On writer's block, blogs and 'dumbocracy of news'

Married, with a day job. That could perhaps be, practically speaking, an alternative definition of a writer's block. If you throw kids into the equation, the situation could be far worse for a writer. That's the recipe for a guaranteed dry spell.

Laugh, laugh. But I cannot take much credit for this observation. I thought of it after reading this snippet in Outlook. Here it goes:
Nalini Jones, author of debut short story collection What You Call Winter, recounted her meeting with Ruth Prawer Jhabvala. "How can you write?" Jhabvala asked Jones, who has a double writer’s handicap: married, with a day job. "I could because I was in India," Jhabvala went on to add. "Over there we have servants to do everything."

Next topic. Blogs. Tehelka's Shoma Chaudhury (I admire hers and Tarun Tejpal's writings in Tehelka) thinks that 'blogs are totally overrated'. Why? Becuase they lack rigour (True in most cases). And in an interview with the famous journalist and editor Tina Brown, she almost makes her agree. Brown personally does not like to blog because it does not bring her any moolah. However, she has her eyes fixed on the cyberspace as her next El Dorado. She says:

That’s what the DNA of my website will be. Rigour. I don’t want any more spouting of sloppy opinions. I don’t have the time. ABC just fired 75 TV journalists and hired 75 bloggers instead, responsible only to themselves. It’s insane to do that to your brand. This is just the exuberance of a new medium. No one wants to look uncool, but who’s reading it? People keep asking me to blog, but I’m not going to lower my standards, and why would I write for nothing?
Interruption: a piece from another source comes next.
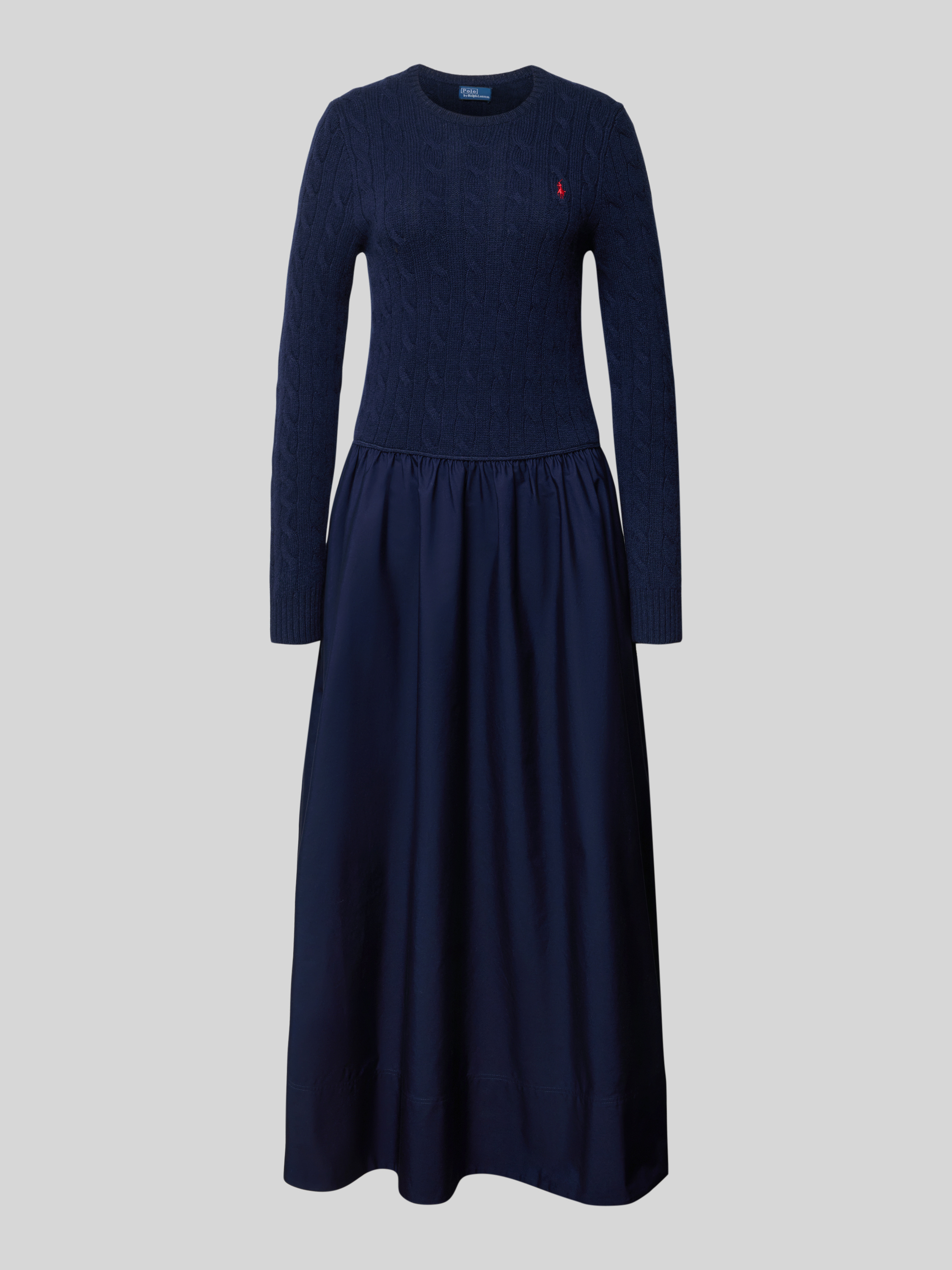 Getailleerde midi-jurk van lanawolmix met kasjmier in marineblauw

Haven’t done that since childhood.

The Tina Brown interview is excellent in which she talks about the dumbocracy of news.

By the way, did you read that news that Facebook has tied up with ABC News and Facebook members can track US politics with those '75 bloggers' recruited by ABC?

Sounds interesting? Here's Wired's take on this development:

ABC News said today it signed a deal with Facebook, which, as far as we can tell, basically entails ABC News-branded election forums where Facebook users can vent discuss politics. ABC News reports from the campaign trail will also be folded into Facebook's U.S. Politics application.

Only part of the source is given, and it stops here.